Provided data ->
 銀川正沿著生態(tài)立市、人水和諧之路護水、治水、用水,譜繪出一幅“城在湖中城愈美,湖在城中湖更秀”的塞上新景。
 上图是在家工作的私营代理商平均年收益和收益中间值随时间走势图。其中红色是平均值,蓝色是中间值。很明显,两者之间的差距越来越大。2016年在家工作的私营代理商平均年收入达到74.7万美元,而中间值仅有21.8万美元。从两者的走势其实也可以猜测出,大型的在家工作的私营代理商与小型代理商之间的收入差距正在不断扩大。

--

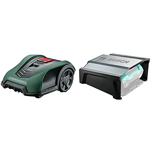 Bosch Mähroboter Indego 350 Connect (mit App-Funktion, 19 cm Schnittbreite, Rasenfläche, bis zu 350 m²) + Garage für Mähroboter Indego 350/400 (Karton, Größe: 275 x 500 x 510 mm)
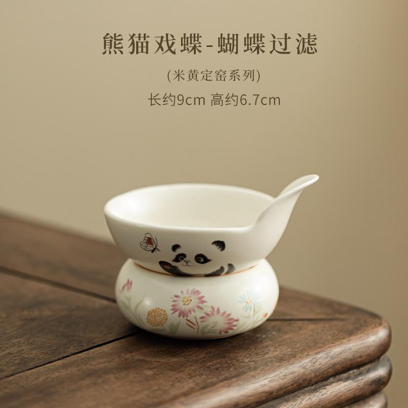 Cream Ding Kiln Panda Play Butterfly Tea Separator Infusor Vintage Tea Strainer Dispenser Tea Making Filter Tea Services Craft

Goal of the exercise -> What are the lines, exactly as written above, from the line with "銀川正沿著生態(tài)立市" to the line with "上图是在家工作的私营代理商平", both included? Output only those.

Your response ->
 銀川正沿著生態(tài)立市、人水和諧之路護水、治水、用水,譜繪出一幅“城在湖中城愈美,湖在城中湖更秀”的塞上新景。
 上图是在家工作的私营代理商平均年收益和收益中间值随时间走势图。其中红色是平均值,蓝色是中间值。很明显,两者之间的差距越来越大。2016年在家工作的私营代理商平均年收入达到74.7万美元,而中间值仅有21.8万美元。从两者的走势其实也可以猜测出,大型的在家工作的私营代理商与小型代理商之间的收入差距正在不断扩大。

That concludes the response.